Whilst the Government’s response may have been lacklustre, I can’t help but feel it was the sensible route to take. The aim of the reforms is to get fair compensation for genuine claimants, but given the uncertainty and onerous investigations entailed in Employer and Public Liability cases, it was difficult see how fixed costs could have been implemented in a blanket way.
In my opinion, that aim is better served by a tightening of protocol across all claims and dispute handling in the County Courts and a phased implementation of changes to speed up the process.
These reforms are just one step forward in Jackson’s call for clarity and simplicity on legal costs and, whilst this received a blow earlier this month with the announcement that implementation of the Legal Aid, Sentencing and Punishment of Offenders Bill was to be delayed until to April 2013, the outcome of the Insurance Summit does offer some hope.

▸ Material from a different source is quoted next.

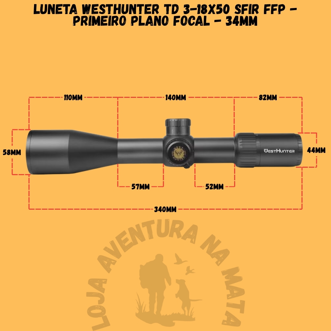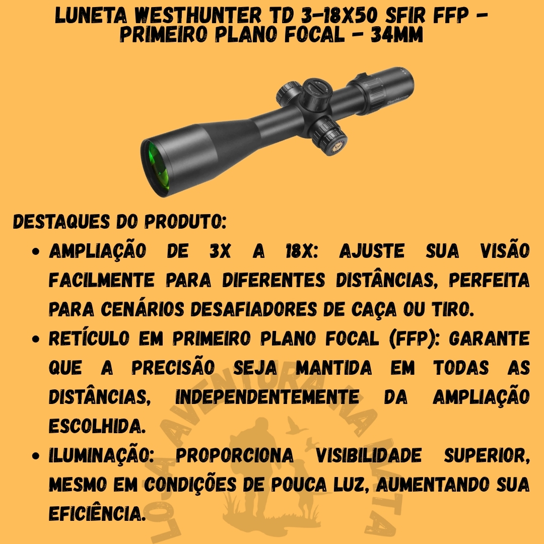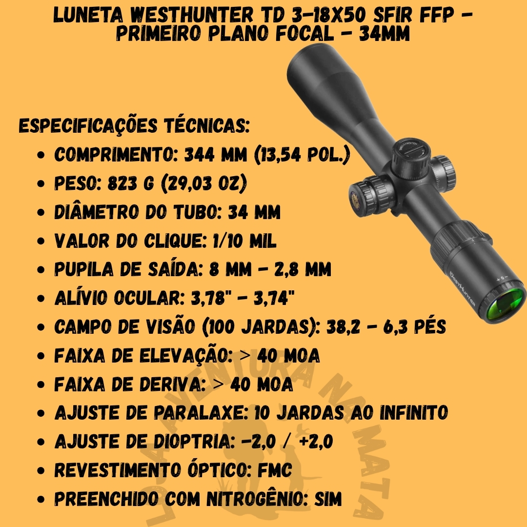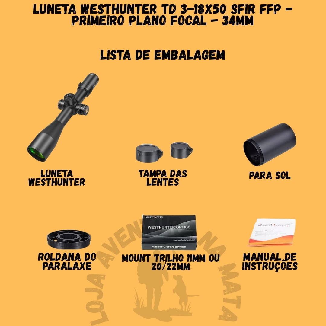 📦 Na Embalagem: 1 Luneta WESTHUNTER TD 3-18X50 SFIR FFP, tampas protetoras de lente, manual do usuário.

Promises made by David Cameron include tackling soaring legal costs by reducing the £1,200 fee that lawyers can earn from small value personal injury claims and a commitment to implementing the Jackson reforms that will see ‘no-win, no-fee’ reformed and referral fees banned.
An overview of the Government’s response to the County Courts consultation includes plans to:
Simplify the majority of cases
Increase the limit of ‘small claims’ from £5000 to £10,000 with a view to increasing it again to £15,000 subject to evaluation. All small claims will be automatically referred to the small claims mediation service, although mediation will not be mandatory. Cases proceeding to court will not need comprehensive legal preparation.
Modernise and streamline the county court system
A single county court will be introduced. This clears the way for all claims to be handled electronically at modern centralised business centres and to then be allocated across neighbouring courts according to demand. Some administrative work will move from judges to administrators, leaving judges to concentrate on making good decisions rather than managing cases. Restrictions will be lifted on High Court judges sitting in county courts while waiting to take cases in the High Court.
Improve the enforcement of court decisions so that more creditors receive what they are owed
For example where a court-ordered payment instalment plan is already in place, creditors will also be able to apply for an order to secure an unsecured debt. This would stop certain instances where a debtor might benefit from the sale of a property without paying off the debt. However, for their protection, debtors will no longer be at risk of losing their home over consumer credit debts of less than £1000.
Free up the High Court to deal only with necessarily complex cases
The level below which non-personal injury claims cannot be heard in the High Court will be raised from £25,000 to £100,000. The outdated value of property above which equity cases need to be referred up to the High Court will be raised from £30,000 to £350,000, reflecting the rise in house prices since the level was last set in 1981.
Extend a web-based scheme which controls legal costs for the majority of personal injury cases
The costs are pre-set in a way which encourages early settlement. Following evaluation of its current use in road accident cases worth compensation of up to £10,000, the scheme will be extended to road accident cases worth up to £25,000 and also to employer and public liability personal injury cases.